Administrative agencies use several approaches to prevent fraud, manipulation of financial markets, and high-risk gambles in securities by financial traders. The Securities and Exchange Commission (SEC) maintains fair and orderly financial practices. The commission’s regulations require all businesses to divulge information regarding the securities they trade in (Jennings, 2014). This enables investors make informed financial decisions.

In addition, SEC oversees the activities of individuals who trade in securities such as financial dealers, brokers, mutual funds, and financial advisors. The commission sues any individual or group that violates securities laws. In addition, it interprets and enforces federal laws that govern securities trading, makes amendments to existing laws, and inspects securities firms and brokers to ensure that they follow laws of trading (Jennings, 2014).

The U.S. Commodity Futures Trading Commission (CFTC) regulates the financial markets that deal with options and product futures. Its main role is to protect investors from financial fraud, manipulation, unethical financial practices, and financial risk associated with derivatives (Jennings, 2014). In addition, it promotes transparent and ethical practices in financial markets.

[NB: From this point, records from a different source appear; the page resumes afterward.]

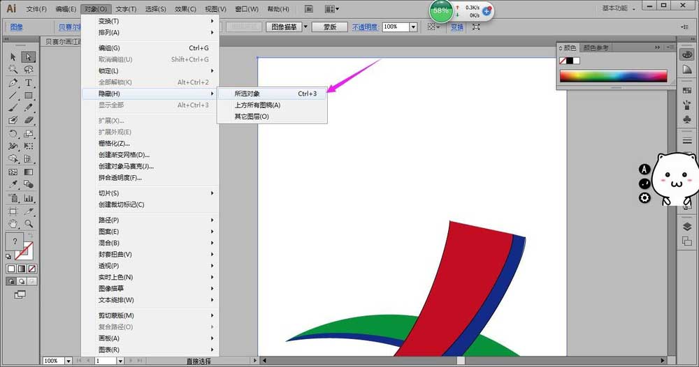 6、选中江西卫视LOGO,菜单-对象-隐藏-所选对象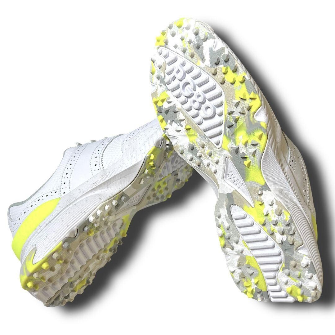 これまでにないようなカモパターンをプラスして鮮度ある表情に仕上げた、ウィングチップTYPEスパイクレスシューズ。ウィングチップがもつ華やかさはそのままに、軽量化とコンフォート性を追求した履き心地の良いスパイクレス仕様のゴルフシューズです。しっかり足にフィットするインソールと構造で、長時間の着用でも快適な歩行と履き心地を体感できます。また、スイング時の安定性を強化し大きなパフォーマンスを発揮できるように、地面をしっかり掴む様な色々な形状でデザインされたグリップ性の高いアウトソールを使用しています。見た目にもスマートな雰囲気なので、キレイ目なコーデにも合わせやすいのもポイントです。| 出价者 | 信用 | 价格 | 时间 |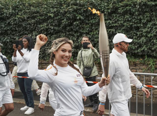 5 日本,巴黎奥运会火炬传递在法国西部大西洋卢瓦尔省继续进行,中国女子自由滑雪者谷爱凌是当天的第一名。 11 号码火炬手参与传递,她也是本届奥运会火炬手中第一位来自中国的现役运动员。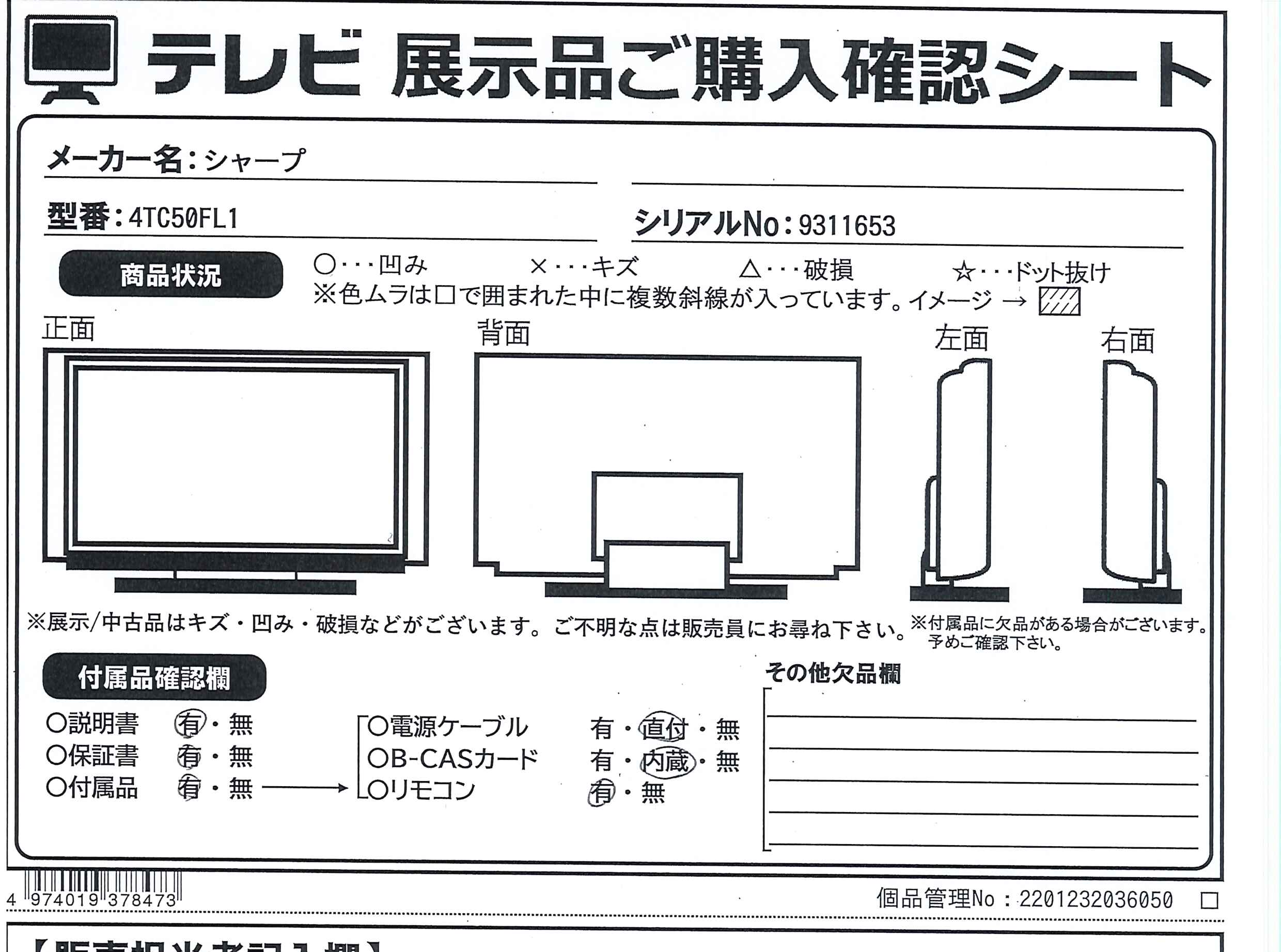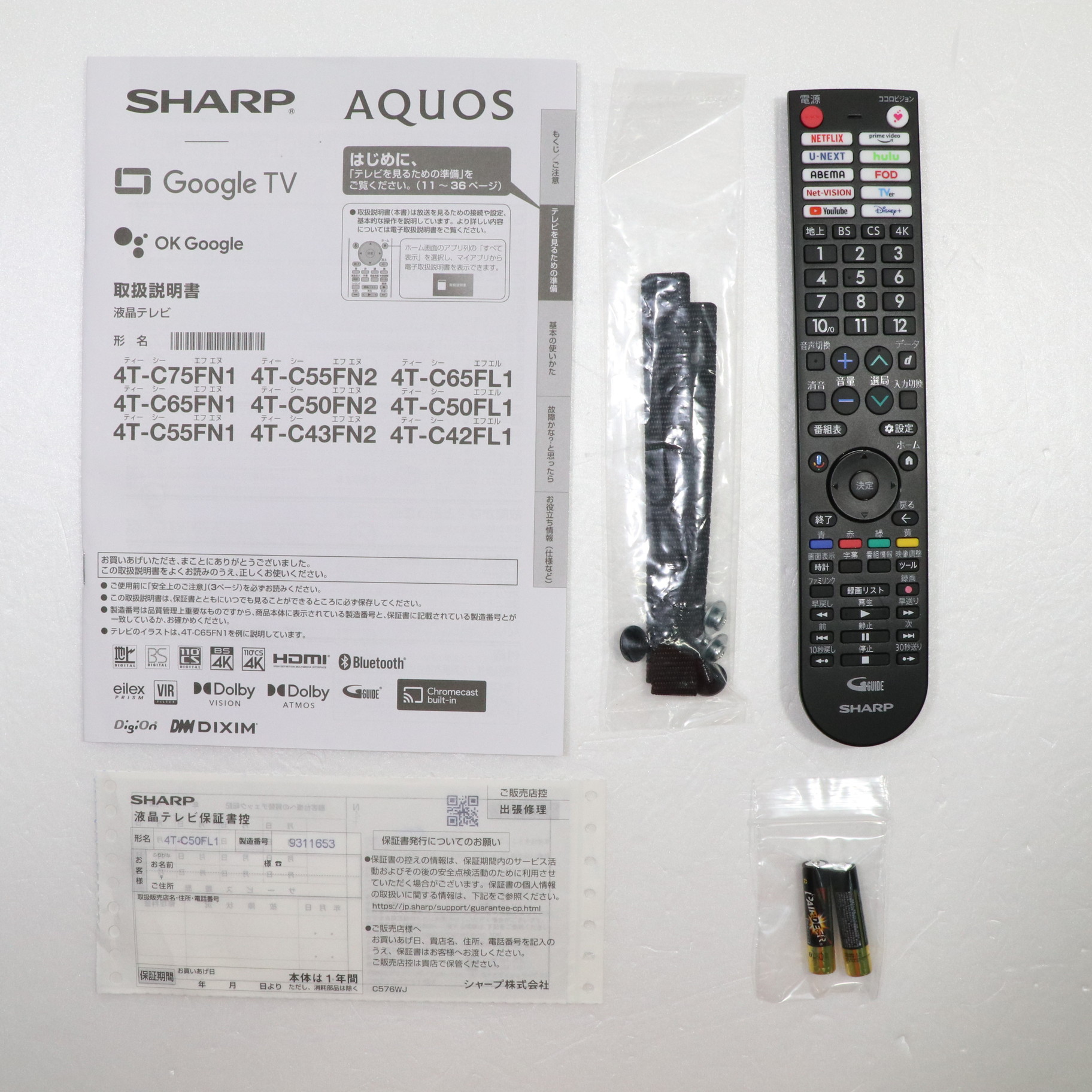 中古商品ランクについて 付属品・商品状態について 〔付属品〕取扱説明書、かんたん使い方ガイド、リモコン、単4形乾電池×2、スタンド(L)、スタンド(R)、スタンド取付用ネジ×4 M4(長さ 12mm)、転倒防止ベルト×2、転倒防止ベルトテレビ取付用ネジ(黒)×2 M4(長さ 16mm)、転倒防止ベルトテレビ台固定用ネジ(シルバー)×2 M4(長さ 16mm)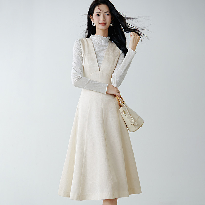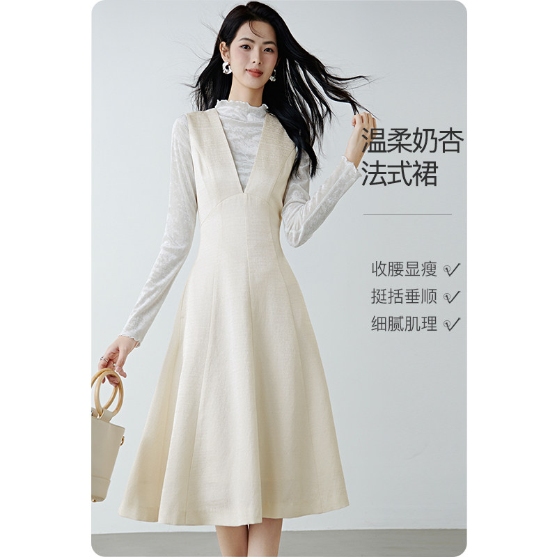 晚白2026年春新款简约优雅V领裙子收腰显瘦时尚百搭无袖连衣裙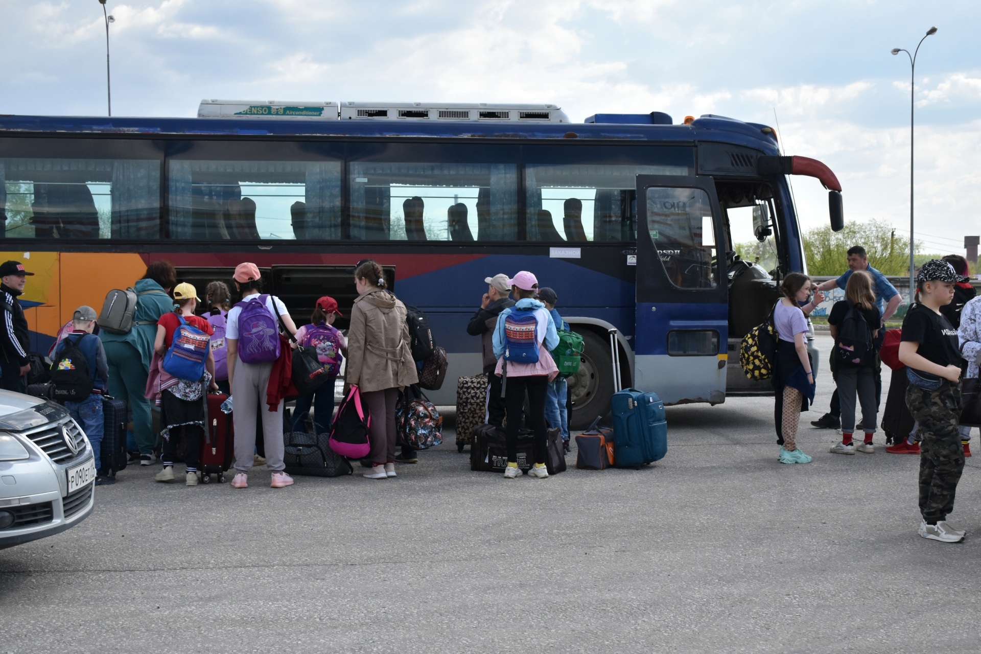 В первом специальном железнодорожном составе вместе с детьми 67 сопровождающих детских групп. Вагоны оборудованы биотуалетами и кондиционерами.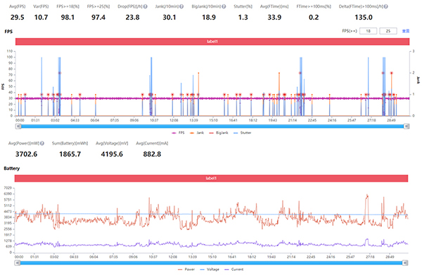 《原神》是目前的話題游戲,對手機性能也有較高的要求,默認設(shè)置時,可以比較輕松地跑滿30FPS,功耗只有3700mW,正常游戲半小時,耗電約11%。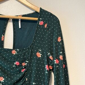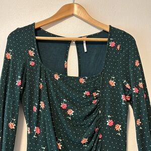 Free People Celia Floral Dress Womens Small Microfloral Square Neck Keyhole Back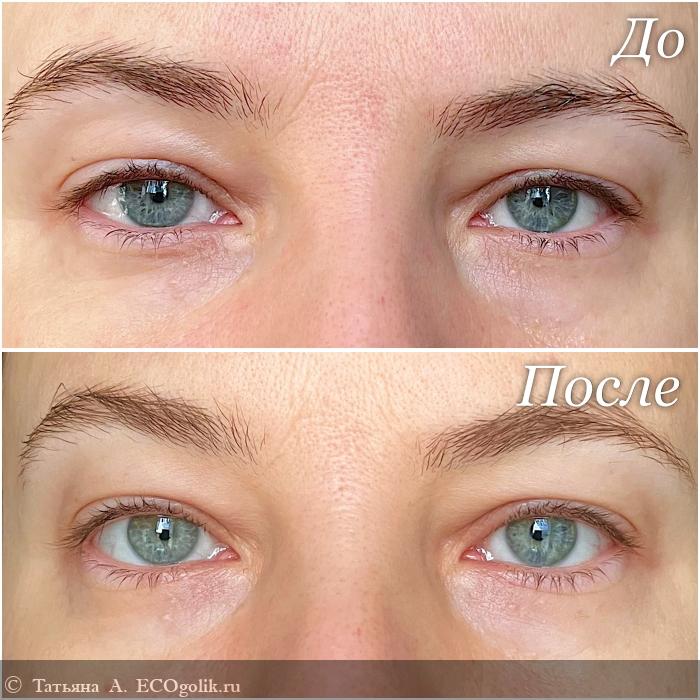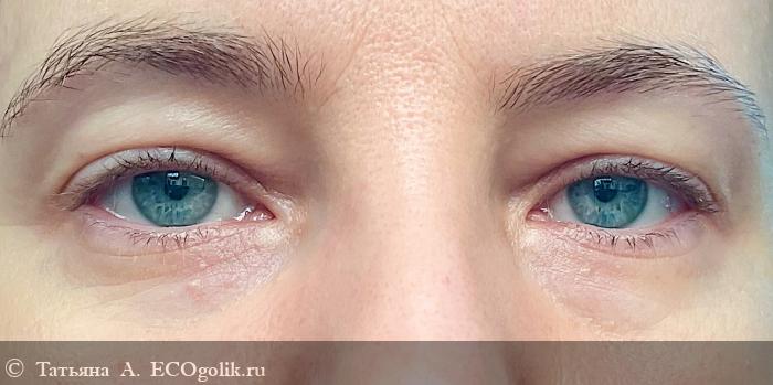 Мои надежды он оправдал на все 100%. Нежная кожа вокруг глаз стала более гладкой и напитанной, за счёт чего разгладились мелкие морщинки под глазами. Тон кожи стал ровнее и значительно уменьшились припухлости. И в целом взгляд стал более распахнутым и свежим, будто после отпуска. Хотя я по-прежнему достаточно много времени провожу за гаджетами и далеко не всегда высыпаюсь.

Elements of a Valid Contract

The main elements of a valid contract include offer, acceptance, intention of legal consequences, and consideration (Jennings, 2014). A contract must contain an offer in which one party agrees to do something for the other. A valid contract must also include acceptance in which one party accepts the services that the other party offers. A contract is only valid if both parties enter into a legal agreement to fulfill the needs of each other. In addition, a valid contract must have a clause for compensation for services offered. Other elements include competency of parties, free consent, and legal formalities (Jennings, 2014).

Intentional and Negligent Tort Actions

Intentional torts are acts committed in order to harm an individual or their property (Walston-Dunham, 2011). These torts involve deliberate actions that are committed in order to cause harm. Examples include battery, false imprisonment, trespassing, and assault (Bagley, 2013). In contrast, negligent torts comprise acts that involve failure to rectify a problem that ends up harming other people. Negligent torts involve situations in which an individual harms another unintentionally through their failure to take action and avert harm (Bagley, 2013). The injuries caused by both intentional and negligent torts are usually similar. However, the punishment meted depends on the intention to cause harm. The two torts are punishable by law. However, their punishments vary.

Tort Actions

The elements of intentional interference with contractual relations include damage, disruption of contract, defendant’s knowledge of the contract, a valid contract, and deliberate actions intended to interfere with the contract (Walston-Dunham, 2011). A breach of fiduciary duty involves violation of duties owed to employers or principals by individuals in positions of trust or fiduciary relationship. In order for a claimant to prevail in such a case, it is imperative to prove that the defendant was in a position of fiduciary relationship but breached their duty in order to gain personal benefits (Walston-Dunham, 2011).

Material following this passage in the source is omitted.